Apa itu CMD dan ENTRYPOINT?

CMD pada dasarnya adalah default command dan argument yang selalu dijalankan ketika conainer dijalankan. Contoh Dockerfile:

FROM alpine:3.21.3
CMD ["echo", "Hello World"]

Build dengan menggunakan command docker build -t hello-world:cmd . dan jalankan docker image yang sudah di-build tadi dengan command docker run hello-world:cmd maka outputnya akan seperti ini.

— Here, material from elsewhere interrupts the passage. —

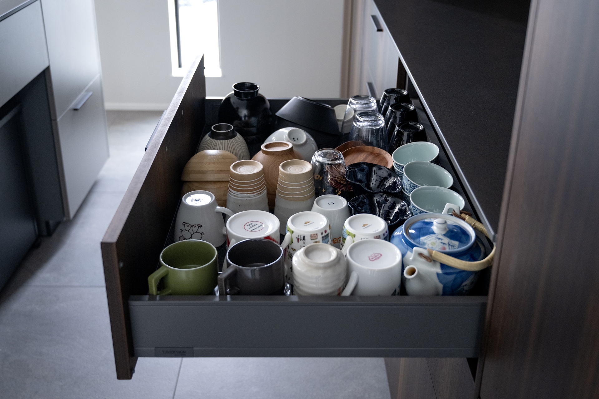 家族5人、食器の数もどうしても多くなります。すべてキッチンの中にしまえるように、計画しました。5人分のカップや湯呑みだけで。もういっぱいです。

ENTRYPOINT adalah main command yang selalu dikesekusi ketika container dijalankan. Contoh Dockerfile:

FROM alpine:3.21.3
ENTRYPOINT ["echo", "Hello World"]

Build dengan mengunakan command docker build -t hello-world:entrypoint . dan jalankan docker image yang sudah di-build tadi dengan command docker run hello-world:entrypoint maka outputnya akan seperti ini.

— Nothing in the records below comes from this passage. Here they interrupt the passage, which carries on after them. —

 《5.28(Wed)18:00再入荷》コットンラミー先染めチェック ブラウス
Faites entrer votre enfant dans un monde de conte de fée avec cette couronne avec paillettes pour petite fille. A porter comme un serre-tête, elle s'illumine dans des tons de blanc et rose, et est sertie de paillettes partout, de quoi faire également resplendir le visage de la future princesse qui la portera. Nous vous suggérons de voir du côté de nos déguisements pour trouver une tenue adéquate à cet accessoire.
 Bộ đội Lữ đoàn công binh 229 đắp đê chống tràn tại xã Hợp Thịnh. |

Nah sekarang apa yang membedakan antara CMD dan ENTRYPOINT? jika kita lihat ketika menjalankan kedua docker image tersebut menghasilkan output yang sama. Mari kita bahas lebih lanjut.

Perbedaan CMD dan ENTRYPOINT

CMD: jika pengguna memberikan perintah saat menjalankan container, default command tersebut bisa digantikan dengan command yang diberikan ketika menjalankan container.

ENTRYPOINT: jika pengguna memberikan perintah saat menjalankan container, main command tersebut tidak bisa digantikan dengan command yang diberikan ketika menjalankan container.

Bayangkan CMD adalah kendaraan kantor yang sudah disediakan juga supirnya. Pada dasarnya, kendaraan kantor tersebut memiliki destinasi default (command default) seperti dari kantor pusat ke kantor cabang, namun ditengah-tengah jalan bisa kita ubah destinasinya (command default), seperti mampir untuk makan dulu misalnya. Dari analogi ini bisa disimpulkan bahwa command default pada CMD ini bisa di-override saat menjalakan container.

Nah sekarang bayangkan ENTRYPOINT adalah kendaraan umum. Pada dasarnya, kendaraan umum tersebut kan sudah memiliki rutenya tersendiri (main command) seperti dari Daerah A ke Daerah B misalnya dan kita tentu tidak bisa merubah rute (main command) kendaraan umum tersebut dengan sesuka hati. Dari analogi ini, bisa disimpulkan bahwa main command pada ENTRYPOINT ini tidak bisa di-override saat menjalankan container.

Agar bisa dipahami lebih dalam, berikut adalah beberapa contoh dari penggunaan CMD pada docker. Jika kita tetap menggunakan docker image yang kita build sebelumnya untuk CMD dan ingin melakukan override pada default command dengan menjalankan command docker run hello-world:cmd "new message" dengan harapan akan mengeluarkan output berupa pesan “new message” maka outputnya akan seperti ini.

mengapa error ini terjadi? ketika kita menjalankan command docker run hello-world:cmd "new message" maka ini akan diterjemahkan menjadi CMD [”new message”] pada Dockerfile kita. Karena “new message” bukanlah sebuah executable di dalam container atau linux command maka akan muncul error tersebut.

Jika kita ingin mengubah output “Hello World” menjadi “new message”, maka command yang harus dijalankan adalah docker run hello-world:cmd "echo" "new message"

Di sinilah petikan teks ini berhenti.